The Tories have handed 83 per cent of a £610 million fund for struggling towns to areas with Conservative MPs.
Ministers have been repeatedly criticised for directing cash from the government’s ‘towns fund’ towards their own seats and and marginal constituencies, leading to accusations of “pork barrel politics” from critics.
Now it has been announced that a further 26 towns are to receive handouts from the fund – and just four are represented by MPs of any other party.
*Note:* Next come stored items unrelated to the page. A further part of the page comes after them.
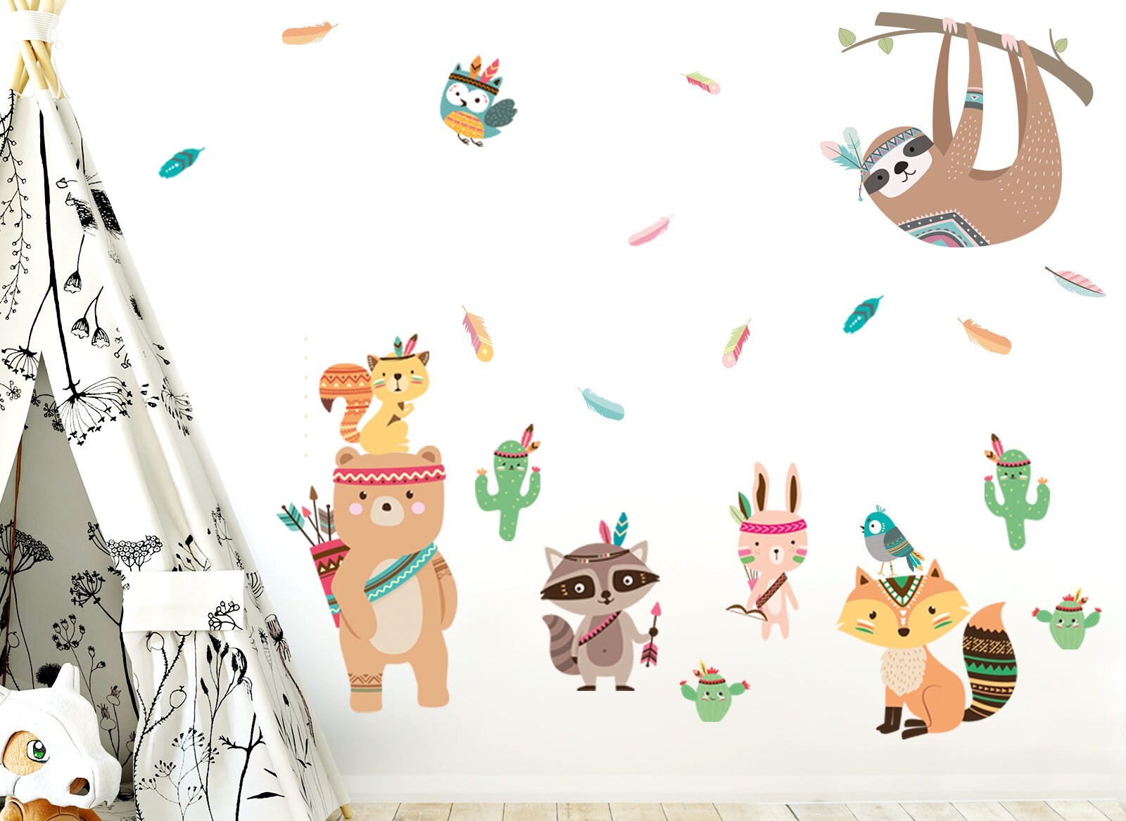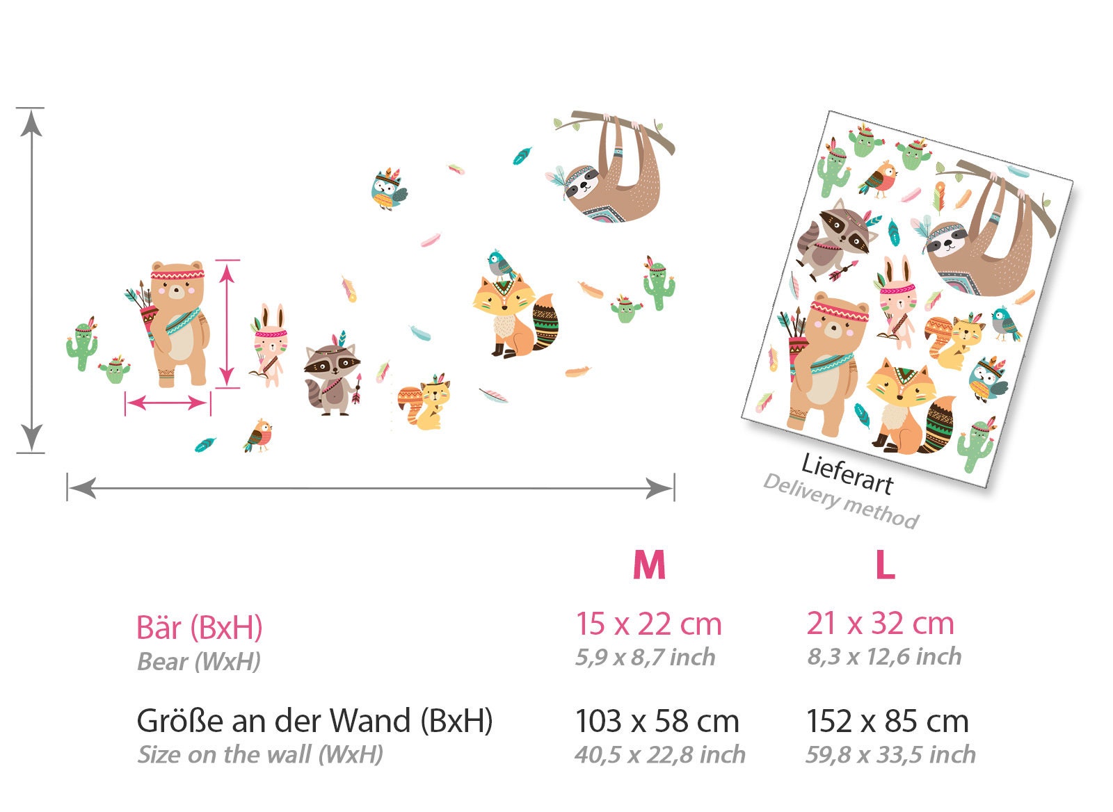 Wandtattoo Waldtiere - 89x54cm Fuchs Hirsch Eule - Kinderzimmer Deko - Made In Germany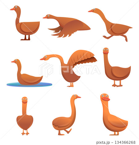 Goose icons set, cartoon style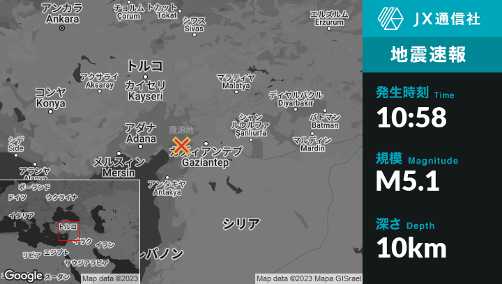 | 震源地 | トルコのHasanbeyliから東南東6kmの地点 |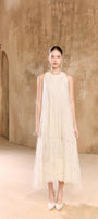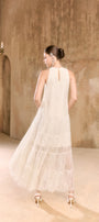 The midi dress combines a A line silhouette with a tiered structure crafted from lace fabric. Its layered design enhances movement and adds depth. The delicate floral lace mix sequined adds a touch of femininity to this dress Expertly tailored, this skirt delivers both elegance and versatility, making it an ideal choice for sophisticated, breathable styling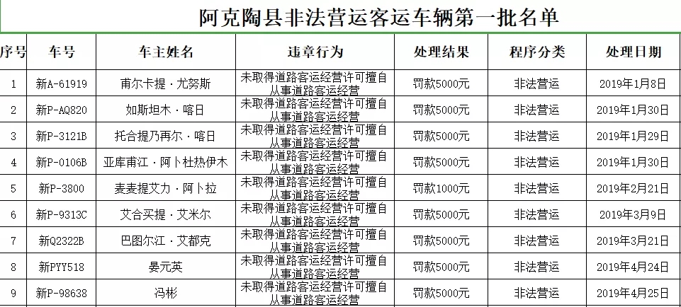 阿克陶县整治客运市场非法运营车辆曝光名单公告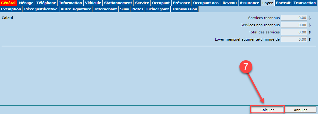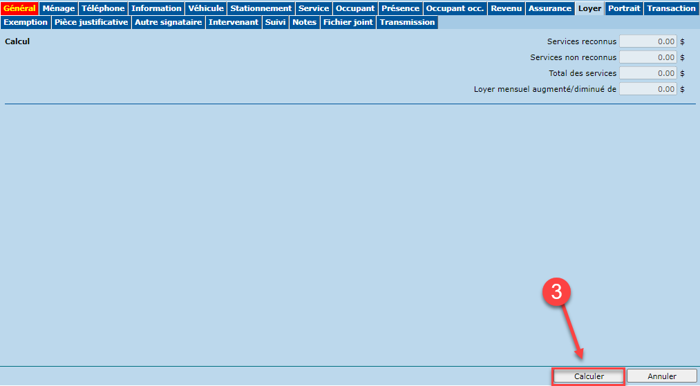 - Une fois le changement effectué, cliquer sur le bouton "Calculer" sous l'onglet "Loyer" pour calculer le bail en fonction des nouveaux changements.

Of the previous 45 towns to receive a slice of the £1 billion fund, as many as 40 had at least one Tory MP.
A report by the National Audit Office, released in July, revealed that 61 of the towns in the first list – announced in 2019 – were chosen by a group of ministers led by Robert Jenrick, the housing secretary. All but one of these seats was either held or targeted by the Tories.
Meg Hillier, the Labour MP and chair of the Commons Public Accounts Committee, told the Mirror that ministers are “cherry-picking” which areas received public funding.
Hartlepool – which recently elected a Tory MP for the first time in decades – will get £25 million to spend on a Health and Care Academy and a Civil Engineering Institute; Redcar, which voted Conservative for the first time in 2019, will also receive £25 million.
Rishi Sunak, the chancellor, has denied targeting Tory seats with the money, claiming grants are made on an “index of economic need, which is transparently published… and based on a bunch of objective measures.”
In an interview with The London Economic, Paul Dennett – Salford city mayor – said the towns fund was “clearly pork barrel politics”. Despite being the 18th most deprived local authority int he country, Salford has received no Treasury funding.
“We’ve got to be very clear about that,” he said. “They’re targeting investment in certain parts of the country where they’ve got a marginal constituency, or a small vote for the Conservative party they’re trying to hold on to.
“The data corroborates that. Unfortunately Salford isn’t the beneficiary in the short term. If the government is serious about the industrial strategy of this country and what’s good for the economy, then taking cities and towns like Salford more seriously is absolutely the way forward.”
Announcing the latest tranche of funding, Jenrick – who is also the communities secretary – said: “We are levelling up towns and cities across the country by building stronger and more resilient local economies, boosting prosperity and opportunity in our communities, and helping them build back better from the pandemic.
“Today I am announcing new town deals in 26 areas, backed by over £610 million investment from the Towns Fund. This will support locally-led projects to transform disused buildings and public spaces, deliver new green transport and create new opportunities for people to develop new skills.
“This is a boost for communities and businesses across England.”